Bachelors and Masters projects are integrated into the overarching physics programme of the ALICE group, and contribute towards our goal of understanding the system created in pp, p-Pb, and Pb-Pb collisions. Some example projects are listed below, but we are happy to discuss other ideas based on the interests of the student and the supervisor as well as the current activities of the ALICE group.

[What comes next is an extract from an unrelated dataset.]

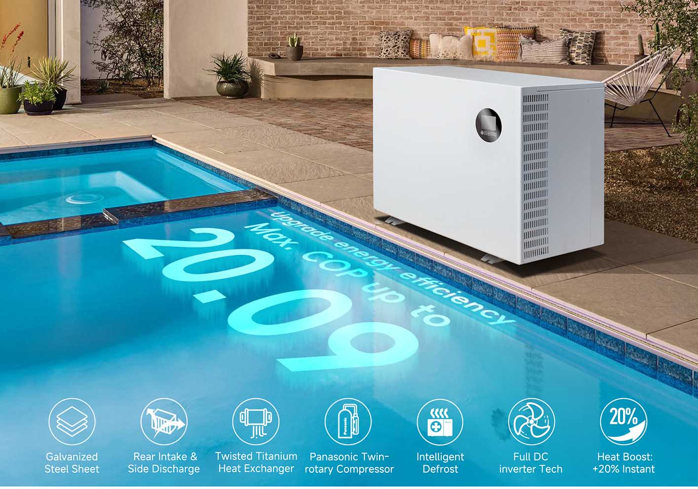 Dit zijn zeer energiezuinige poolverwarmers die werken als een airconditioner. Ze gebruiken een kleine hoeveelheid energie om warmte uit de omringende lucht te extraheren en over te brengen naar het zwembadwater. Het opwindende van de kachel van warmtepompbad is dat ze ook je zwembad kunnen afkoelen als het weer te warm is.
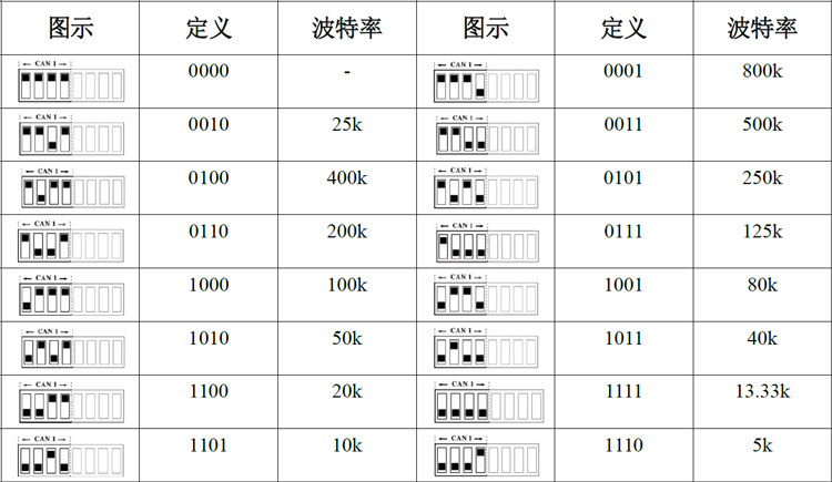 其中,“CAN1b”中CAN1代表CAN1通道,b代表设备通过配置拨码开关方式配置的波特率。a代表的是设备是通过自动识别的方式配置的波特率。

If you choose to do a project in the ALICE group we will provide you with a laptop (linux), real data from the ALICE experiment, and software to analyse the data (ROOT/C++).

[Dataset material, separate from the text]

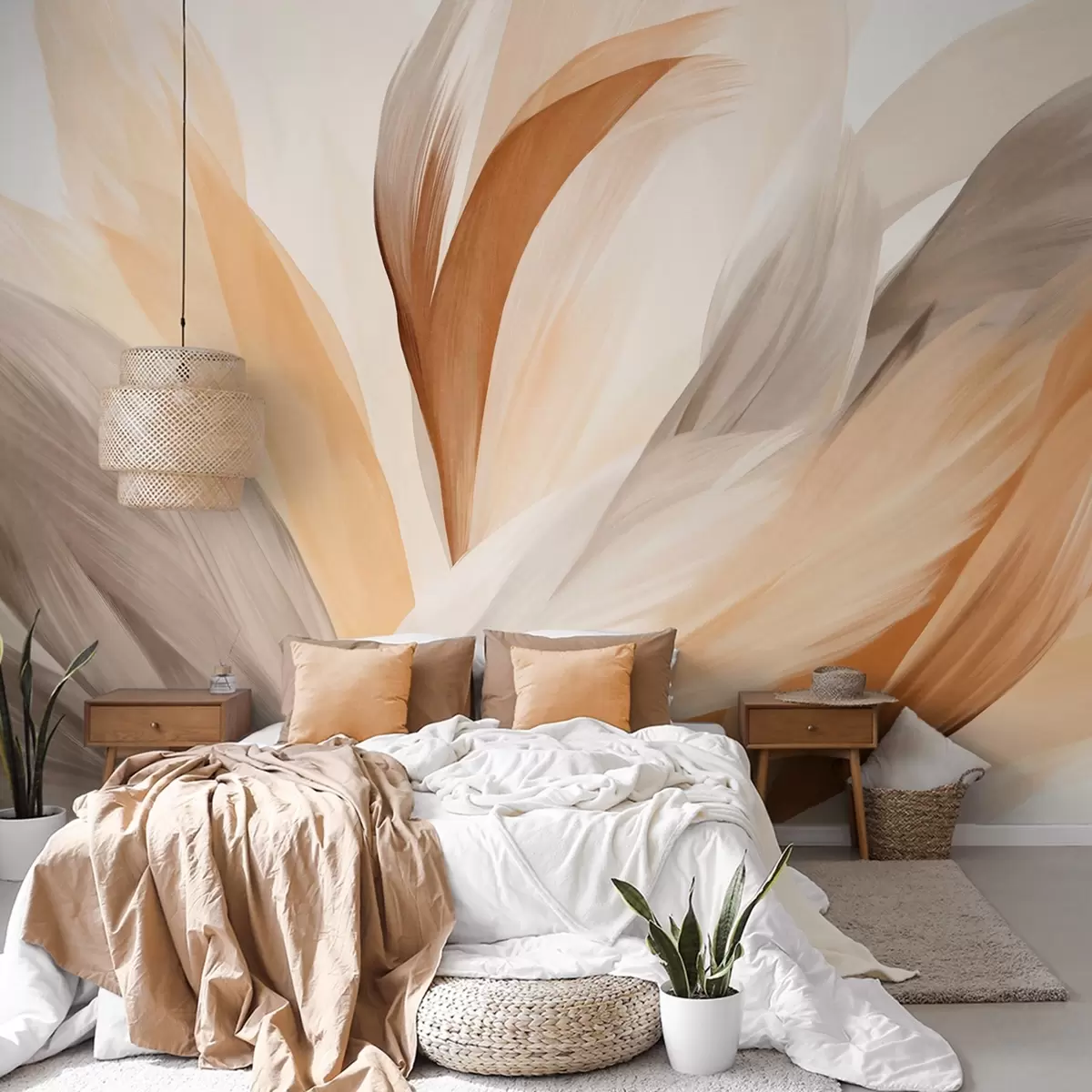 Papel de pared Plumas abstractas con textura en marrón, blanco y gris y varios tonos, superpuestas sobre un fondo blanco. Nr. w09531

Examples of projects that can be done in the ALICE group:
Data analysis projects:
The main activity of the group is data analysis and we have projects covering pp, p-Pb and Pb-Pb collisions. Currently most projects are focused on small systems (pp and p-Pb) where we have a collaboration with the Lund theory group (THEP) to understand how physics associated with QGP formation in a large system (Pb-Pb) can also be observed in small systems.
An example of an analysis project could be:
- Studying strangeness production in small systems: ALICE has published in Nature Physics how the production of hadrons containing strange quarks is enhanced compared to non-strange hadrons in small systems, which has traditionally been viewed as a signature of QGP formation. The Lund ALICE group is doing several studies to try to identify the origin of this strangeness enhancement. We also compare ALICE data to the state-of-the-art Angantyr model developed within THEP to understand if the experimental measurements indicate that a QGP is formed in pp collisions, or whether an alternative physics mechanism can explain the data.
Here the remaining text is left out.